Optimizing Crypto for Intel Nehalem

Sun Blade X6275 with Intel Xeon 5500
Sun Blade X6275 is one example platform with
2 Intel Nehalem (Xeon 5500) processors
with 4 cores, 8 threads each

Amitabha Banerjee of the Performance Group wrote 4 blog articles about improving OpenSolaris performance on Intel's "Nehalem" processor. Nehalem is the codename for Intel Xenon 5500 series processors. In this article I want to highlight how we improved performance and refer to his blogs.

What's different about Intel Nehalem? Currently-released Intel Nehalem processors ("Intel Core i7") have 4 cores and 8 threads using 45nm process. But more importantly, the instructions are executed differently from not only AMD64 (as expected), but also older Intel 64 processors. Nehalem has lookahead speculative execution optimizations. These optimizations predict what instructions will probably execute in the future ("branch prediction") and executes instructions ahead of time on a preliminary basis ("translation lookaside buffer" or TLB). If they are in fact executed, the results are available immediately. If they are not executed, or the onboard data cache is invalidated with writes, the results are thrown out and instructions reexecuted. One way to optimize use of this processor is to carefully arrange instructions that doesn't invalidate (write to) memory soon after it is used (read).

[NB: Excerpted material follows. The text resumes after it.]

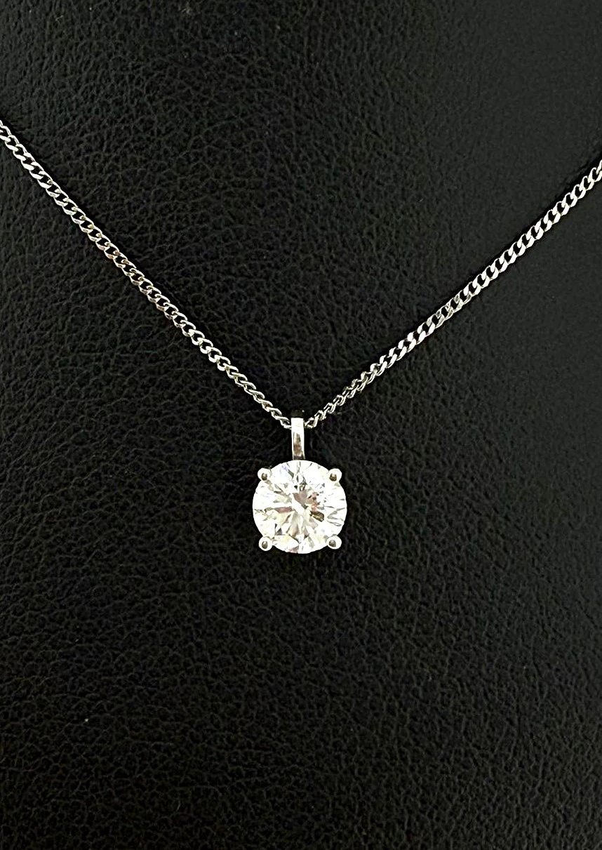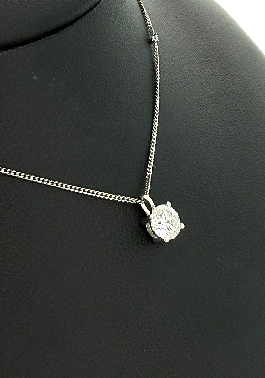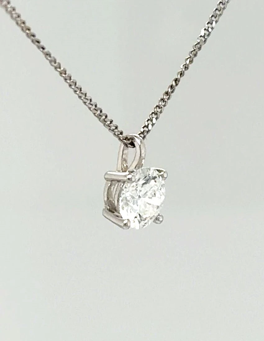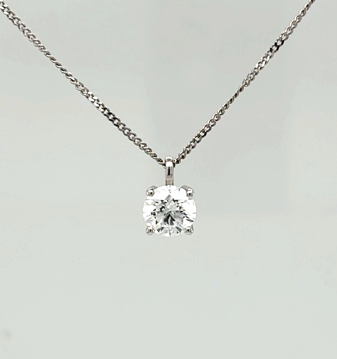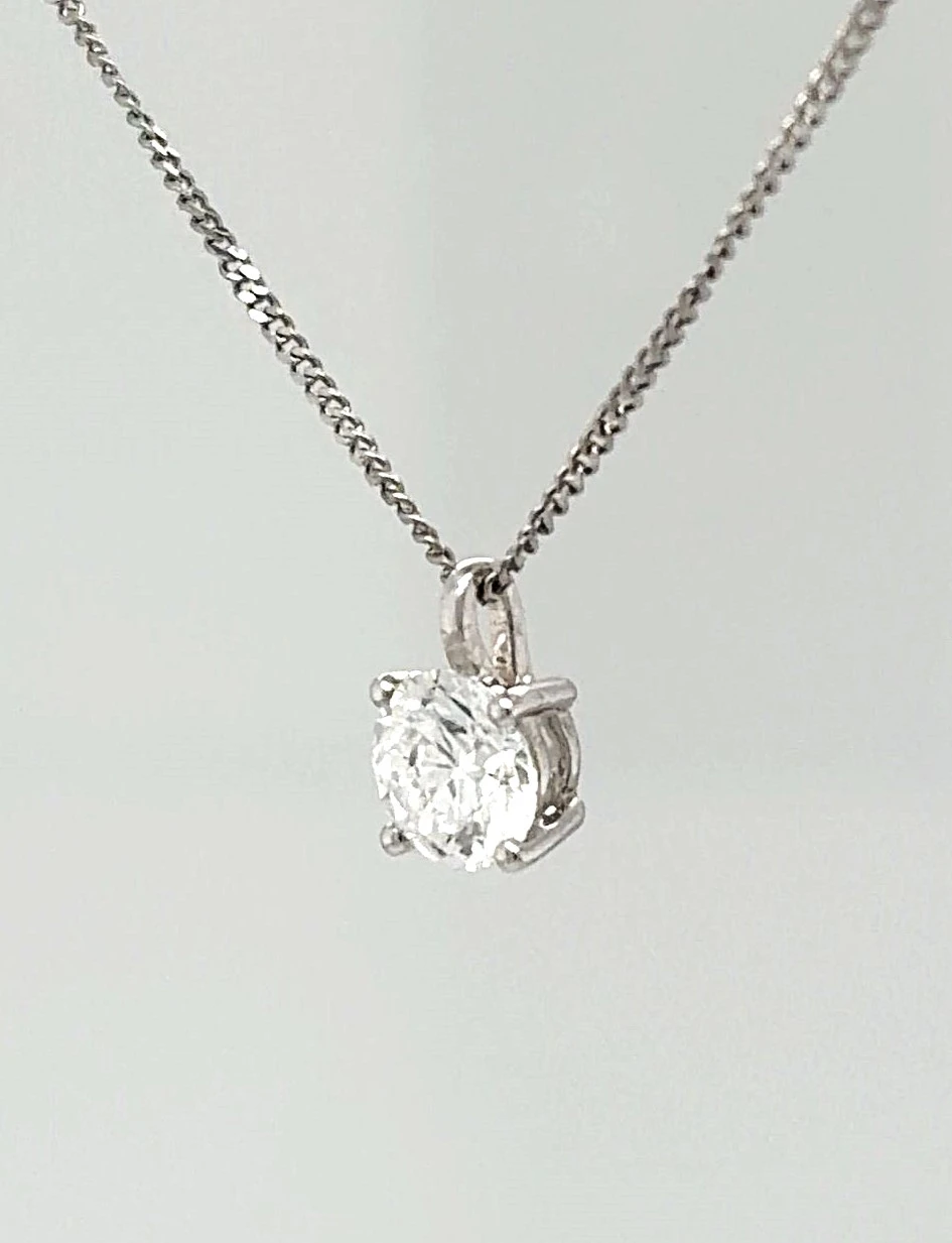 Add understated elegance to any outfit with this 0.50ct lab-grown diamond solitaire pendant, crafted in 9ct white gold. Featuring a brilliant-cut 0.50ct lab-grown diamond, ethically sourced for exceptional sparkle and clarity, this pendant is a sophisticated and conscious choice. The diamond is set in a classic four-claw white gold setting, allowing maximum light to enhance its natural brilliance. Suspended on an 18-inch white gold chain, the pendant sits perfectly at the neckline, making it ideal for both everyday wear and special occasions. A timeless gift or cherished personal keepsake, this pendant delivers effortless sophistication and lasting beauty. Details:

Performance Improvement Process Amitab describes how he optimized OpenSolaris cryptography (and therefore SSL/HTTPS web transactions) for Nehalem processors. Basically the steps are:

  • run benchmarks, such as SPECweb Banking,
  • identify the bottleneck functions (using tools such as er_kernel(1M) and Sun Studio 12 Analyzer),
  • examine the source for the bottleneck functions,
  • try different optimizations, and
  • repeat this step multiple times.

The last step was the most time consuming, and involved ensuring not only speed, but that it still produced correct results. These optimizations were all with C source. Instead of hand-coding assembly, he would re-code C source. The source would be more complex, but faster, and certainly not as complex as assembly!

I integrated these optimizations, and added my own ideas to improve performance further, along with suggestions from others during coding, regression testing, and code review.

So here's Amitab's blogs:

  • About RSA decrypt performance
    The first bottleneck was RSA decryption. Almost all of RSA's time is spent in bignum. Bignum performs math for arbitrary-long integers. For example RSA2048 uses 1024-bit numbers with 2048-bit results. Most of RSA, as it turned out, was spent in bignum multiplications [more]
  • Benchmarking (and improving the benchmark) for RSA decrypt
    Simply rearranging the C for loop in Bignum Montgomery Multiplication, big_mont_mul(), improved TLB performance. It's worth looking at exactly how he rearranged the for loop—see see CR 6823193, which has the old and improved for loop source code fragments. After optimization big_mont_mul() dropped to 2nd place and big_mul_add_vec() became the "hot" function. [more]
  • Improving RC4 encrypt performance
    This blog describes how RC4 performance was improved simply by rearranging the order of assignments in a for loop in RC4 function arcfour_crypt(). This is similar in principle to the rearranged for loop mentioned above for big_mont_mul(). This rearranged C code ran faster than the previous hand-coded assembly for Intel Nehalem (but not AMD64 processors). [more]
  • Examining Crypto Performance on Intel Nehalem based Sun Fire X4170
    This blog gives the results of various improvements in RSA (bignum) and RC4, such as:
    • converting bignum from 32- to 64-bit bignum "digits" for x86 (SPARC bignum was already 64-bit)
    • rearranging the for loop in big_mont_mul() described above,
    • removing a call from bignum multiply, big_mul(), to bignum number copy, big_copy(), that was not needed (as the results used were all overwritten before use), and
    • rearranging C code in a for loop for RC4 (ARCFOUR) crypto.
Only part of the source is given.